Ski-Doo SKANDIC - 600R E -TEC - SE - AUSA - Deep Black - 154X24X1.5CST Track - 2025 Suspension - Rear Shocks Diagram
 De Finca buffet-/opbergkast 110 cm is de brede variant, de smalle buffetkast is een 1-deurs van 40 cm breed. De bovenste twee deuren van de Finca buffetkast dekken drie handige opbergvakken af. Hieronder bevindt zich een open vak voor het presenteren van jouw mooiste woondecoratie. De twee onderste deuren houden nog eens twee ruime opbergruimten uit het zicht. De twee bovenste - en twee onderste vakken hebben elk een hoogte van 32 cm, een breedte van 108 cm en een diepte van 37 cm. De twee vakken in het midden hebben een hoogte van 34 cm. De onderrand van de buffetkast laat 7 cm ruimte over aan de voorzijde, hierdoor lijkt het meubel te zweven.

--

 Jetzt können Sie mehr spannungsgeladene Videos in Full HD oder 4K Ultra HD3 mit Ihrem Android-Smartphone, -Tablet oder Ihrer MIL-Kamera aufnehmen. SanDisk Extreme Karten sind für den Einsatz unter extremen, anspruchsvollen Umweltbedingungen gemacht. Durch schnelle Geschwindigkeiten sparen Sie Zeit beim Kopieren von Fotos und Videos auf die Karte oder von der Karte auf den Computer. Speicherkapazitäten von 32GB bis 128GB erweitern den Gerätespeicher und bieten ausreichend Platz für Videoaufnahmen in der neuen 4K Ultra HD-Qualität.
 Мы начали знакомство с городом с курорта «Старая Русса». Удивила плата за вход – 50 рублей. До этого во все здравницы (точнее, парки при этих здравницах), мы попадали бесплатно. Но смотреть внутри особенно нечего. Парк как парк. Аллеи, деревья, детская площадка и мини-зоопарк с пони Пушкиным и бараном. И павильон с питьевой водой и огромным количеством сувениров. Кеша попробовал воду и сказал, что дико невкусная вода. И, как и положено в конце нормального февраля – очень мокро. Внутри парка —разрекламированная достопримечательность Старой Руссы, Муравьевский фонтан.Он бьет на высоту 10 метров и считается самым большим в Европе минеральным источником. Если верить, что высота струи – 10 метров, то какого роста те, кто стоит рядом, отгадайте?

How to complete this task
Every line above from the line with "Ski-Doo SKANDIC - 600R" to the line with "De Finca buffet-/opbergkast", inclusive, must be returned exactly; no other line belongs in the reply.

Written answer
Ski-Doo SKANDIC - 600R E -TEC - SE - AUSA - Deep Black - 154X24X1.5CST Track - 2025 Suspension - Rear Shocks Diagram
 De Finca buffet-/opbergkast 110 cm is de brede variant, de smalle buffetkast is een 1-deurs van 40 cm breed. De bovenste twee deuren van de Finca buffetkast dekken drie handige opbergvakken af. Hieronder bevindt zich een open vak voor het presenteren van jouw mooiste woondecoratie. De twee onderste deuren houden nog eens twee ruime opbergruimten uit het zicht. De twee bovenste - en twee onderste vakken hebben elk een hoogte van 32 cm, een breedte van 108 cm en een diepte van 37 cm. De twee vakken in het midden hebben een hoogte van 34 cm. De onderrand van de buffetkast laat 7 cm ruimte over aan de voorzijde, hierdoor lijkt het meubel te zweven.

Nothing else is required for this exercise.